I’ve been thinking lately about the importance of our social
ties to other people. I want to consider
one claim about these relationships, which I will call the ‘isolated
individualist thesis.’ According to this
thesis, your individual identity is more or less up to you. The most practically important facts about
you are not up for negotiation with your friends, family, co-workers, fellow
citizens, and the like. You get to
decide.
Lots of philosophers are very skeptical about the isolated
individualist thesis. And not just
philosophers. When I tell people I write
about autonomy, I often get a response something like, “Why would you even believe
in that?!” I think there is a common
view according to which the ‘isolated individual’ is disingenuous myth propped
up for politically nefarious purposes.
Samuel Scheffler gives voice to the skeptical thought:
Whether we like it or not, such relations help to define the
contours of our lives, and influence the ways that we are seen both by
ourselves and by others. Even those who
sever or repudiate such ties—in so far as it is possible to do so—can never
escape their influence or deprive them of all significance, for to have
repudiated a personal tie is not the same as never having had it, and one does
not nullify social bonds by rejecting them.
One is, in other words, forever the person who has rejected or
repudiated those bonds; one cannot make oneself into a person who lacked them
from the outset. Thus, while some people
travel enormous social distances in their lives, and while the possibility of
so doing is something we have every reason to cherish, the idea that the
significance of our personal ties and social affiliations is wholly dependent on
our wills—that we are the supreme gatekeepers of our own identities—can only be
regarded as a fantasy.[1]
According to Scheffler, people really want to believe that
some version of the isolated individualist thesis is true. The trouble is that such hope flies in the
face of a realistic psychology. So, the
view is a mere fantasy.
I think Scheffler’s rejoinder gets everything precisely
backwards. I think people really want to
believe that some version of the isolated individualist thesis is false. The trouble is that such denial flies in the
face of a realistic psychology.
Something in the neighborhood of the isolated individualist thesis is
much closer to an uncomfortable reality than a heroic illusion.
Let’s consider the easiest case for the ‘social ties’
theorist: Spouses. If anyone matters to
the ongoing identity of an ordinary person, probably their spouse does. Many people forecast that if they lost their
spouse, it would make them very unhappy.
But as often the case, our ability to affectively forecast our reactions
to future events is not very good. It
turns out that most people are quite resilient after the death of a
spouse. Dan Moller summarizes the
empirical literature in his paper, “Love and Death":
…Compared to a control group, "The effect of bereavement on
symptoms of depression and general psychopathology…was significant only at 2
months following the loss." Still
another expert sumps up his work, "A general conclusion of this study is that
the death of a spouse in later life does impact the surviving spouse’s
subjective well-being but not to the extent that many would expect." If these results are surprising, it gets
stranger still: research indicates that not only do half or more of bereaved
spouses tend to be resilient or muted in their reaction to their loss, but a
consistent 10% or so of the bereaved experience a dramatic increase in subjective well-being following the loss.[2]

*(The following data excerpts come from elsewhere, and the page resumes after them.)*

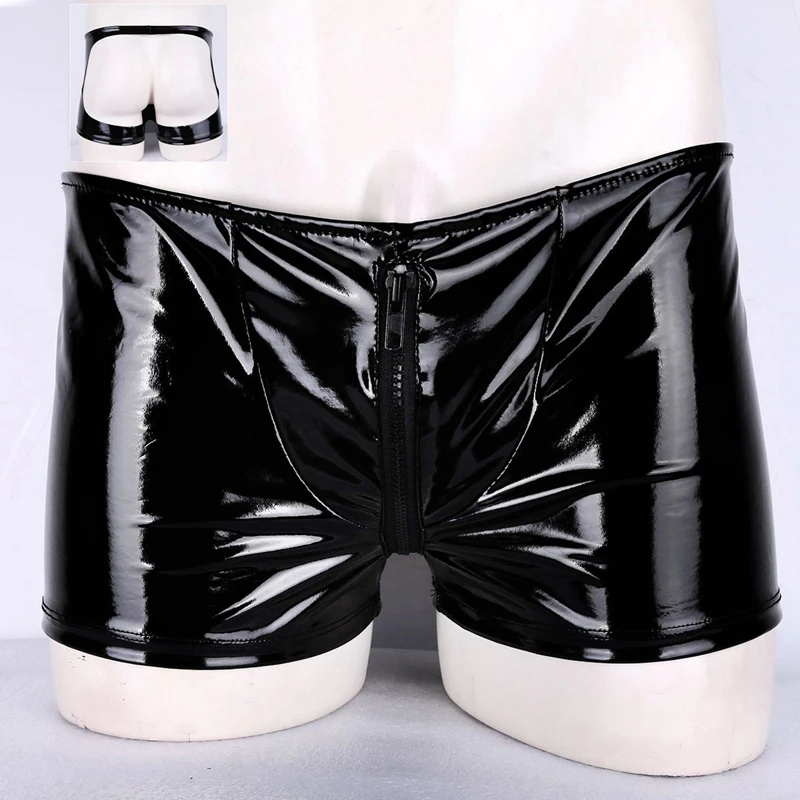 Сексуальные мужские трусы-боксеры с открытым задником черного цвета, мужское нижнее белье, хит продаж, блестящие металлические лакированные кожаные трусы-боксеры с застежкой-молнией, латексные трусы
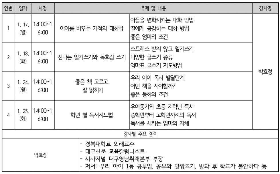 1월17일(월) ▲아이를 바꾸는 기적의 대화법을 시작으로 18일(화) ▲신나는 일기쓰기와 독후감 쓰기, 24일(월) ▲좋은 책 고르고 잘 읽히기, 25일(화) ▲학년별 독서지도법 순으로 프로그램이 구성되며, 화상회의 프로그램인 줌(Zoom)을 활용하여 대구신문 교육칼럼니스트이자 시사저널 대구영남취재본부 부장으로 활동하고 있는 박효정 강사의 진행으로 실시간 쌍방향 소통으로 실시된다.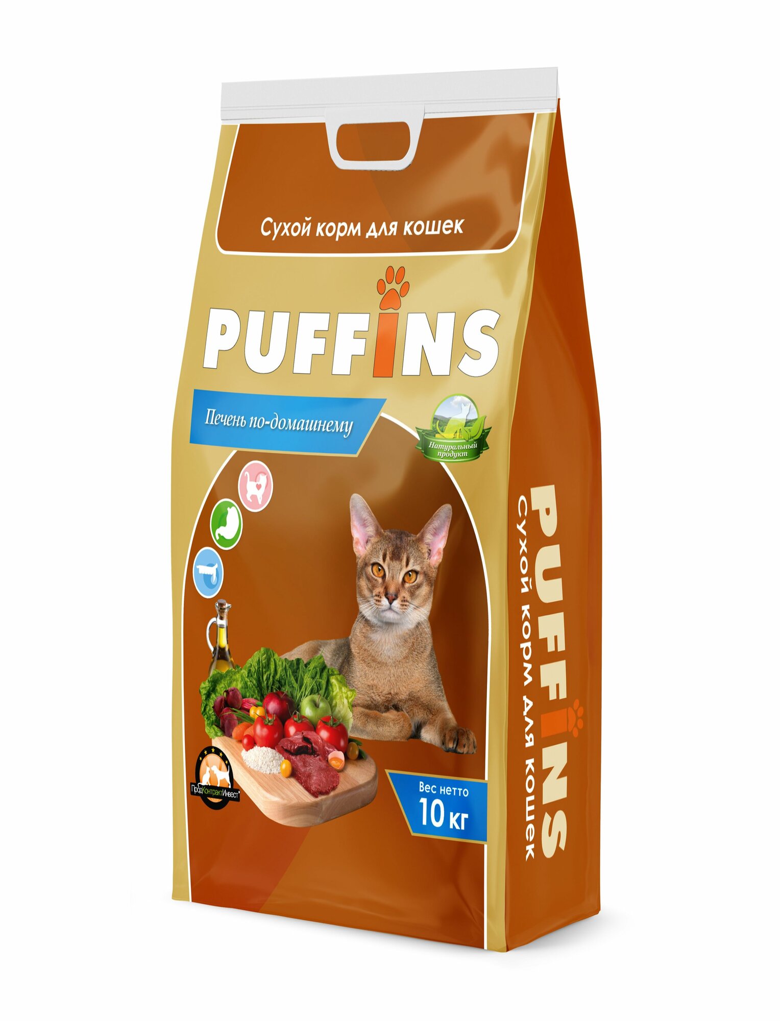 Сухой корм Puffins для кошек, печень по-домашнему, 10 кг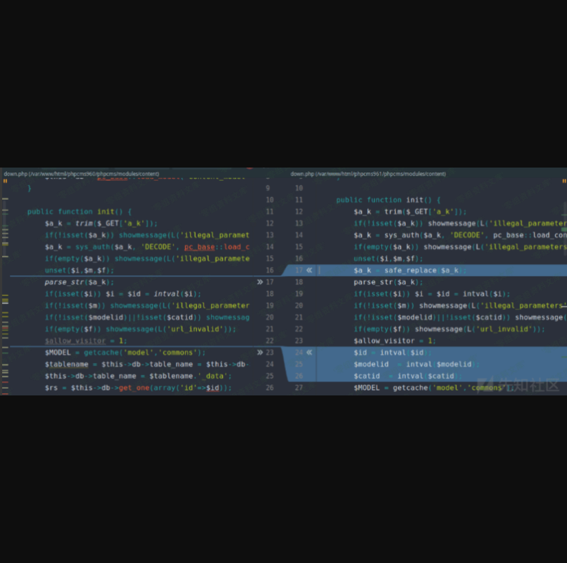 最后来看一下官方发布的 PHPCMS v9.6.1 中是如何修复这个漏洞的,补丁如下: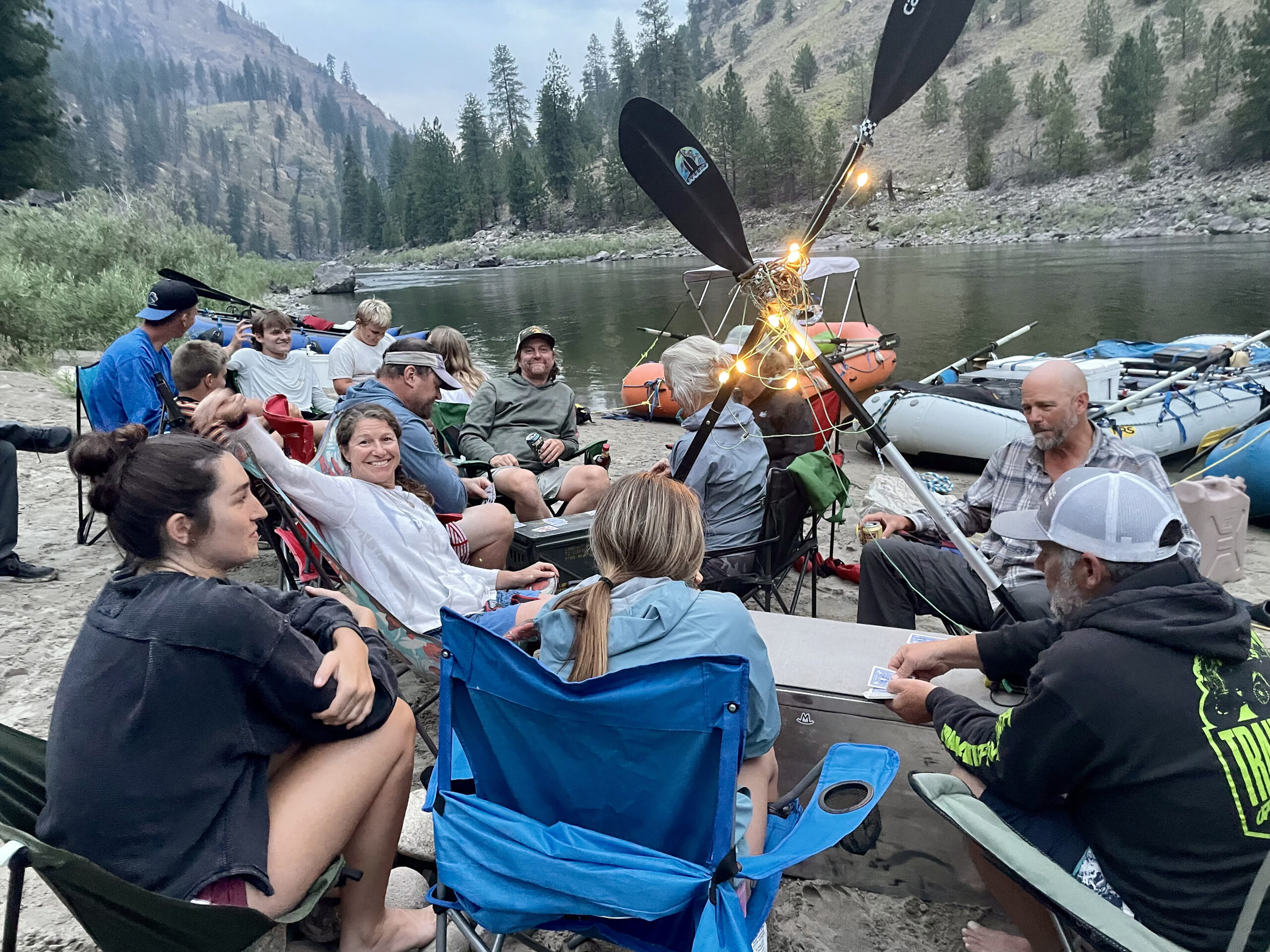 Twinkling string lights substitute for a wood fire when camping a stone’s throw from the leading edge of a forest fire on the Main Salmon.

To my ear this sounds like unqualifiedly good news. But as Moller notes, many people don’t like
hearing these findings. It goes against
our desire to imagine our lives as tied up in some ineliminable way with the
lives of other persons.
So who is actually guilty of indulging in a little
make-believe about the self? Living a
life in which our attitudes are not that closely tethered to even the most
important people around us – that’s (often, at least) just part of what it
is to be person. But living a life in
which one’s will is continually subordinated to the will of another
person? That really is the stuff of
fantasy.
[1] Scheffler,
Boundaries and Allegiances (Oxford:
Oxford University Press, 2001), pp. 106-107.
[2]
Moller, “Love and Death,” The Journal of
Philosophy 104:6 (2007): 301-316, pp. 302-303.